■ EXERCISE DIRECTIONS
For each entry, repeat the text exactly and omit any picture it holds.

* * * *

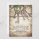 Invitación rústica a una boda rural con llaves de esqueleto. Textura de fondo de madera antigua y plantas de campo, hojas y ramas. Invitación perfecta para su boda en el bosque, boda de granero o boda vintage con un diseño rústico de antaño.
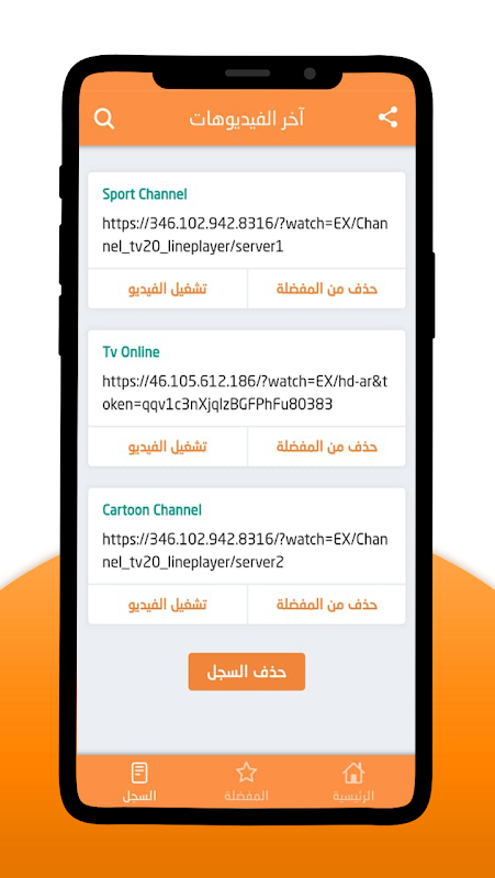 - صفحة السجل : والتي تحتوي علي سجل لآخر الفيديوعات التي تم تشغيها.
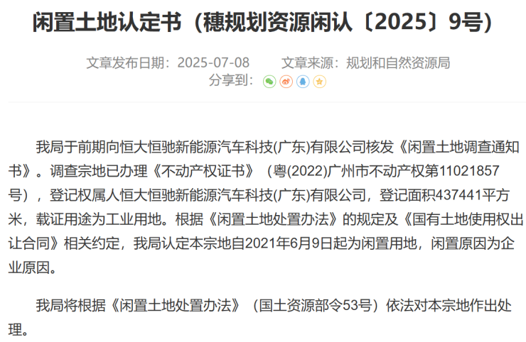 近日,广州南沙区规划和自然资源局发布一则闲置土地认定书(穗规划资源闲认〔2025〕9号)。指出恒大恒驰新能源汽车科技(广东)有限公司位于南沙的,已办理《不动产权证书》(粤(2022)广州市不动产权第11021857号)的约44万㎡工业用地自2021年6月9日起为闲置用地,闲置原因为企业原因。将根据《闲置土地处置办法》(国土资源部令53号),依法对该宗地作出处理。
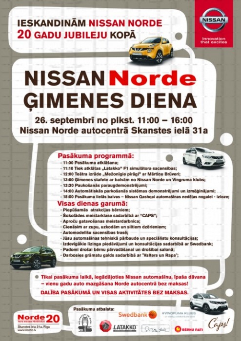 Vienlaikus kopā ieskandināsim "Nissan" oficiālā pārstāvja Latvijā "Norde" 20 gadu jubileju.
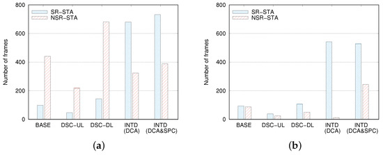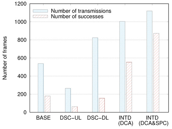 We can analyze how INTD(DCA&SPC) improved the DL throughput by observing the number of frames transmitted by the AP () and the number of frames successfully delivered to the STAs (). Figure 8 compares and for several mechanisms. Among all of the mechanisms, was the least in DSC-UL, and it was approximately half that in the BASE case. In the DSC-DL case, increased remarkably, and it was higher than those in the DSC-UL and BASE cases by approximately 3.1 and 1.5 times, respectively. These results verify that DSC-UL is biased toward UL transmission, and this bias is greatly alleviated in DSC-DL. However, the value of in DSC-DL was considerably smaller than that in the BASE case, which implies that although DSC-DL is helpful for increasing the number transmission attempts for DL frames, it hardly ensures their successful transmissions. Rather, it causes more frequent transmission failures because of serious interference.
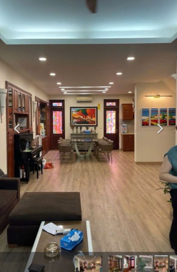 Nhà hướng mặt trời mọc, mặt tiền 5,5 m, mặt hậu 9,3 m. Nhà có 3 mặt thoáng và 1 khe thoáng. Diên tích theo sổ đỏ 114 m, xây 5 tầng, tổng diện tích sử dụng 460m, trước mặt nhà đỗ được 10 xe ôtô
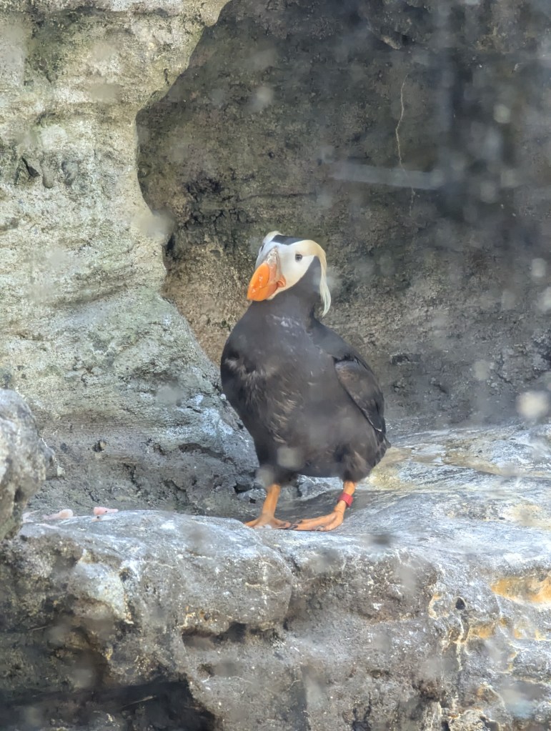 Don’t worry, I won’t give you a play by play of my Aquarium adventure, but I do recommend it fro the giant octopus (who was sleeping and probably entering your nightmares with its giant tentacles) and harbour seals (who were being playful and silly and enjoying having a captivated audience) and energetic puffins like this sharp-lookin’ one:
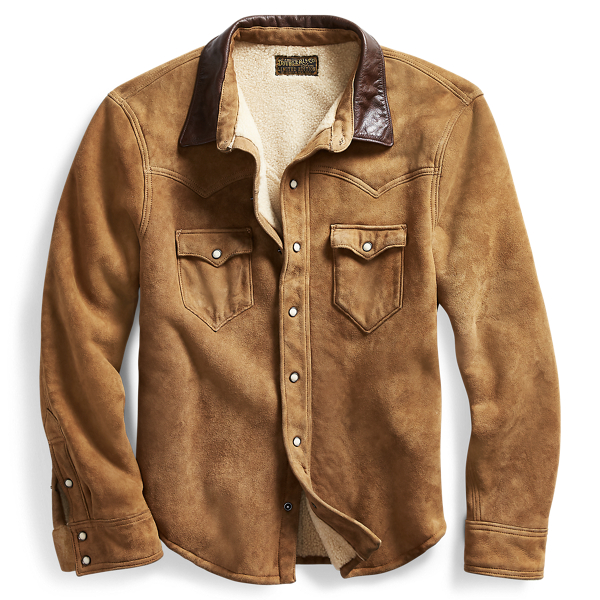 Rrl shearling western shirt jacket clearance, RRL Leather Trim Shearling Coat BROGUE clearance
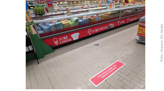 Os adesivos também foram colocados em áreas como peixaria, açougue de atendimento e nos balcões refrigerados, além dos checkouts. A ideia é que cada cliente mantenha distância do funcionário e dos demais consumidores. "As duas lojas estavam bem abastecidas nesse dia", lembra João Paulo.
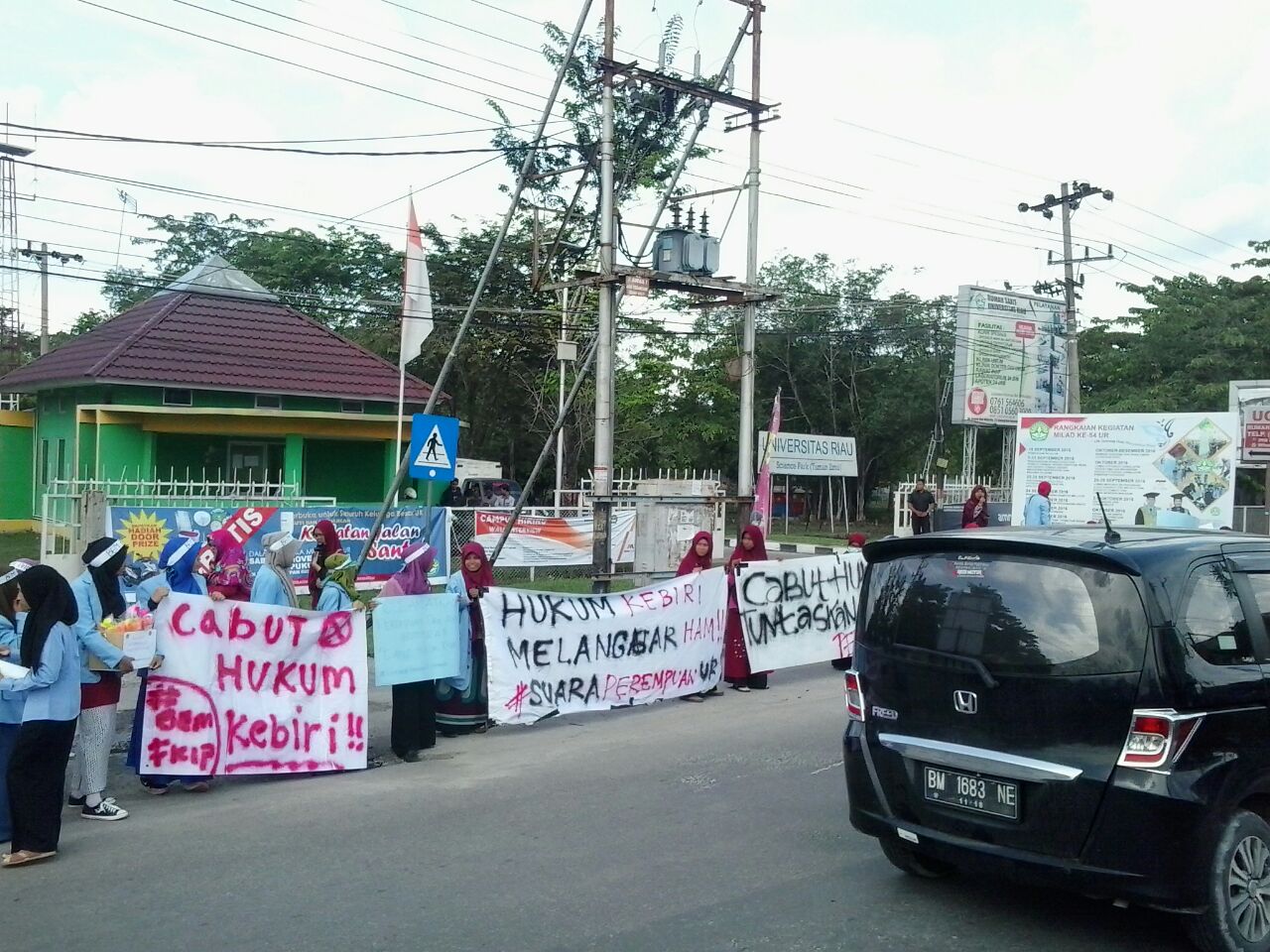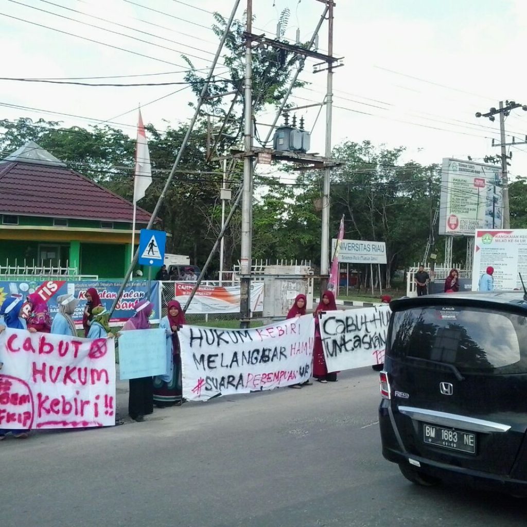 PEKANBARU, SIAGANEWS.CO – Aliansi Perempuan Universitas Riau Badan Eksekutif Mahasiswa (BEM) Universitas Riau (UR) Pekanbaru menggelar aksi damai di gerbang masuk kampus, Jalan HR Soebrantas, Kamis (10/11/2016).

* * * *

■ ANSWER AREA
 Invitación rústica a una boda rural con llaves de esqueleto. Textura de fondo de madera antigua y plantas de campo, hojas y ramas. Invitación perfecta para su boda en el bosque, boda de granero o boda vintage con un diseño rústico de antaño.
 - صفحة السجل : والتي تحتوي علي سجل لآخر الفيديوعات التي تم تشغيها.
 近日,广州南沙区规划和自然资源局发布一则闲置土地认定书(穗规划资源闲认〔2025〕9号)。指出恒大恒驰新能源汽车科技(广东)有限公司位于南沙的,已办理《不动产权证书》(粤(2022)广州市不动产权第11021857号)的约44万㎡工业用地自2021年6月9日起为闲置用地,闲置原因为企业原因。将根据《闲置土地处置办法》(国土资源部令53号),依法对该宗地作出处理。
 Vienlaikus kopā ieskandināsim "Nissan" oficiālā pārstāvja Latvijā "Norde" 20 gadu jubileju.
 We can analyze how INTD(DCA&SPC) improved the DL throughput by observing the number of frames transmitted by the AP () and the number of frames successfully delivered to the STAs (). Figure 8 compares and for several mechanisms. Among all of the mechanisms, was the least in DSC-UL, and it was approximately half that in the BASE case. In the DSC-DL case, increased remarkably, and it was higher than those in the DSC-UL and BASE cases by approximately 3.1 and 1.5 times, respectively. These results verify that DSC-UL is biased toward UL transmission, and this bias is greatly alleviated in DSC-DL. However, the value of in DSC-DL was considerably smaller than that in the BASE case, which implies that although DSC-DL is helpful for increasing the number transmission attempts for DL frames, it hardly ensures their successful transmissions. Rather, it causes more frequent transmission failures because of serious interference.
 Nhà hướng mặt trời mọc, mặt tiền 5,5 m, mặt hậu 9,3 m. Nhà có 3 mặt thoáng và 1 khe thoáng. Diên tích theo sổ đỏ 114 m, xây 5 tầng, tổng diện tích sử dụng 460m, trước mặt nhà đỗ được 10 xe ôtô
 Don’t worry, I won’t give you a play by play of my Aquarium adventure, but I do recommend it fro the giant octopus (who was sleeping and probably entering your nightmares with its giant tentacles) and harbour seals (who were being playful and silly and enjoying having a captivated audience) and energetic puffins like this sharp-lookin’ one:
 Rrl shearling western shirt jacket clearance, RRL Leather Trim Shearling Coat BROGUE clearance
 Os adesivos também foram colocados em áreas como peixaria, açougue de atendimento e nos balcões refrigerados, além dos checkouts. A ideia é que cada cliente mantenha distância do funcionário e dos demais consumidores. "As duas lojas estavam bem abastecidas nesse dia", lembra João Paulo.
 PEKANBARU, SIAGANEWS.CO – Aliansi Perempuan Universitas Riau Badan Eksekutif Mahasiswa (BEM) Universitas Riau (UR) Pekanbaru menggelar aksi damai di gerbang masuk kampus, Jalan HR Soebrantas, Kamis (10/11/2016).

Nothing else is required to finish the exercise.